**YOUR GOAL**
No pictures go into the copy. Write out exactly the lines below from the one containing "Figur 5 Bygning" through the one containing "泉州的荔枝久负盛名,图为永春岵山村民在荔枝的成熟期采摘果实。".

**DATASET**
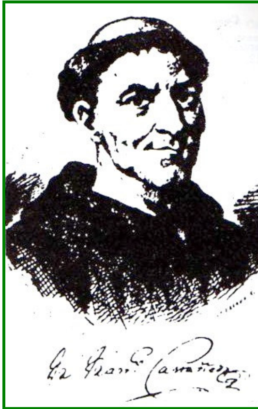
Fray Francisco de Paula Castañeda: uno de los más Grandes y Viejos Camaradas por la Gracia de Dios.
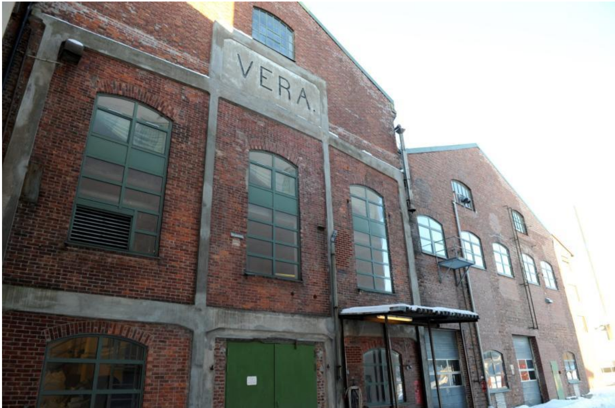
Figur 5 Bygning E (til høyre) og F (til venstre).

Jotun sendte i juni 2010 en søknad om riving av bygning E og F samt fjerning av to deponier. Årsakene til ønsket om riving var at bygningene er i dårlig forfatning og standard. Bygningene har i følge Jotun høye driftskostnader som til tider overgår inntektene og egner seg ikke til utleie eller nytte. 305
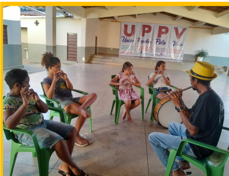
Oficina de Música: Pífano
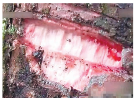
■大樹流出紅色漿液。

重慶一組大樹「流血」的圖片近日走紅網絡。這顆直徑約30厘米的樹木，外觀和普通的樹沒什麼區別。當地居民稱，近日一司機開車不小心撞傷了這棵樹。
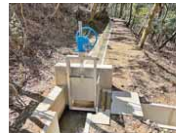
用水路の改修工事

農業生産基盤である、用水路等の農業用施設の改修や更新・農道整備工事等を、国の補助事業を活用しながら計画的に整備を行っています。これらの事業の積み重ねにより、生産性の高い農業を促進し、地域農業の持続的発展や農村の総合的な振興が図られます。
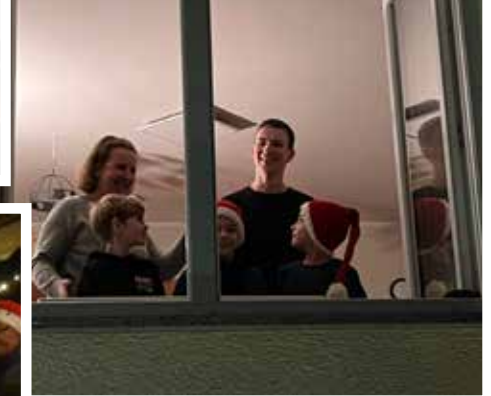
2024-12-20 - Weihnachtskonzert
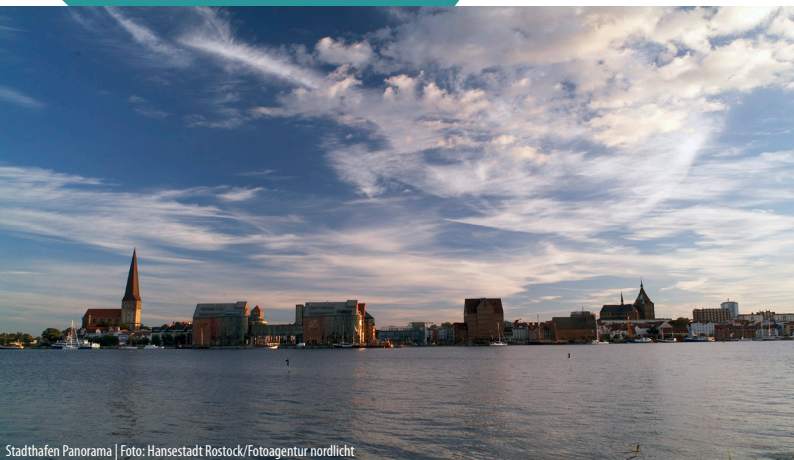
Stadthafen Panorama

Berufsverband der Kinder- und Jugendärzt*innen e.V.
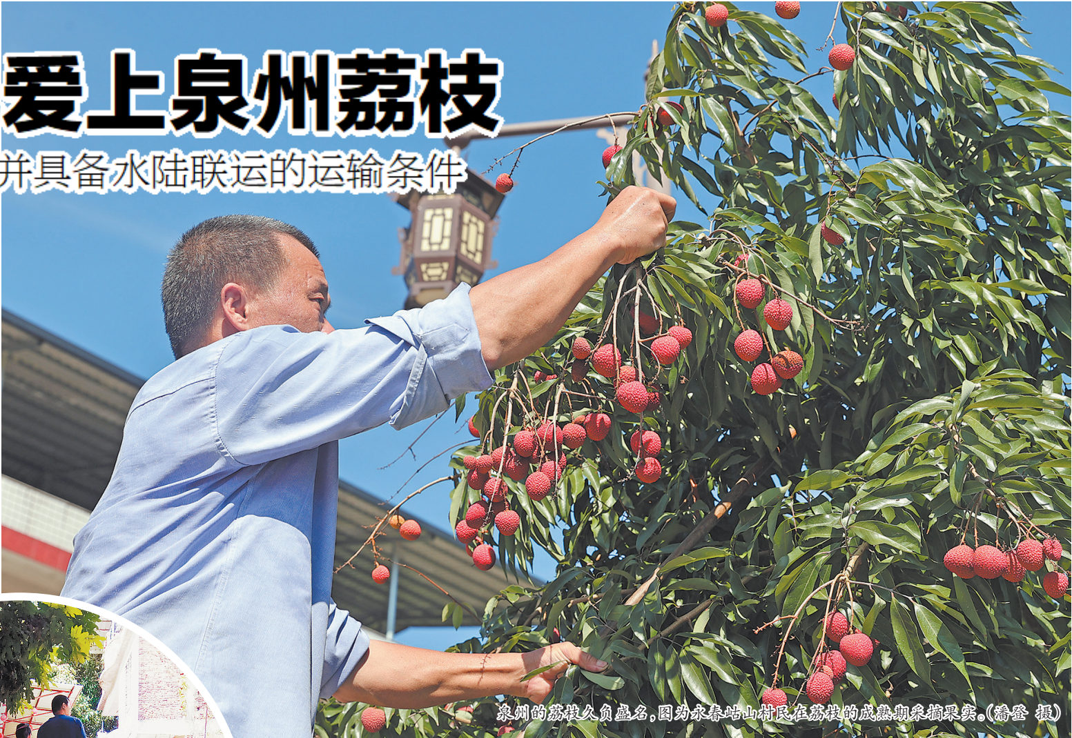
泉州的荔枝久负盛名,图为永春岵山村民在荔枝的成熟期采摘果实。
==
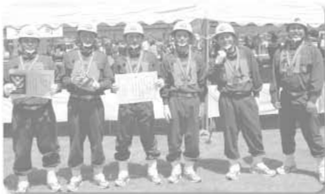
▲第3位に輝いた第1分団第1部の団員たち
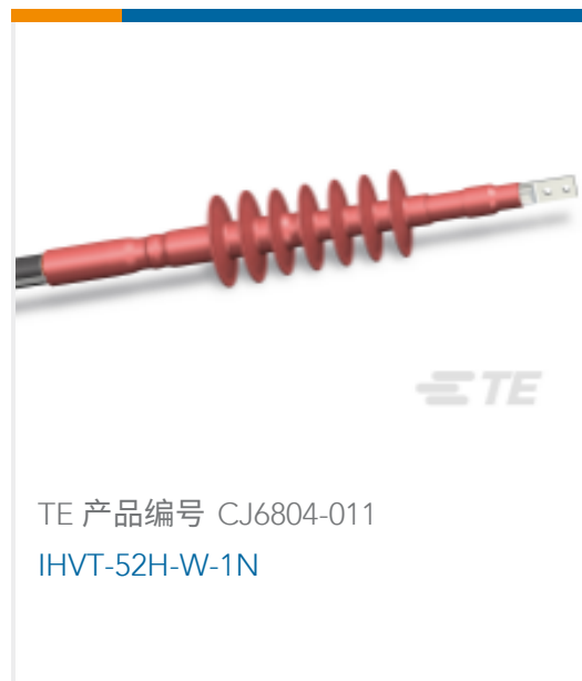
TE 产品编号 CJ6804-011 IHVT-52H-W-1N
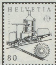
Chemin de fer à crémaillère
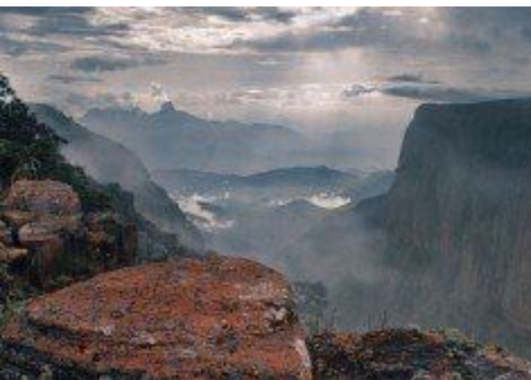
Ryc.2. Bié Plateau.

**SOLUTION TO THE EXERCISE**
Figur 5 Bygning E (til høyre) og F (til venstre).

Jotun sendte i juni 2010 en søknad om riving av bygning E og F samt fjerning av to deponier. Årsakene til ønsket om riving var at bygningene er i dårlig forfatning og standard. Bygningene har i følge Jotun høye driftskostnader som til tider overgår inntektene og egner seg ikke til utleie eller nytte. 305
Oficina de Música: Pífano
■大樹流出紅色漿液。

重慶一組大樹「流血」的圖片近日走紅網絡。這顆直徑約30厘米的樹木，外觀和普通的樹沒什麼區別。當地居民稱，近日一司機開車不小心撞傷了這棵樹。
用水路の改修工事

農業生産基盤である、用水路等の農業用施設の改修や更新・農道整備工事等を、国の補助事業を活用しながら計画的に整備を行っています。これらの事業の積み重ねにより、生産性の高い農業を促進し、地域農業の持続的発展や農村の総合的な振興が図られます。
2024-12-20 - Weihnachtskonzert
Stadthafen Panorama

Berufsverband der Kinder- und Jugendärzt*innen e.V.
泉州的荔枝久负盛名,图为永春岵山村民在荔枝的成熟期采摘果实。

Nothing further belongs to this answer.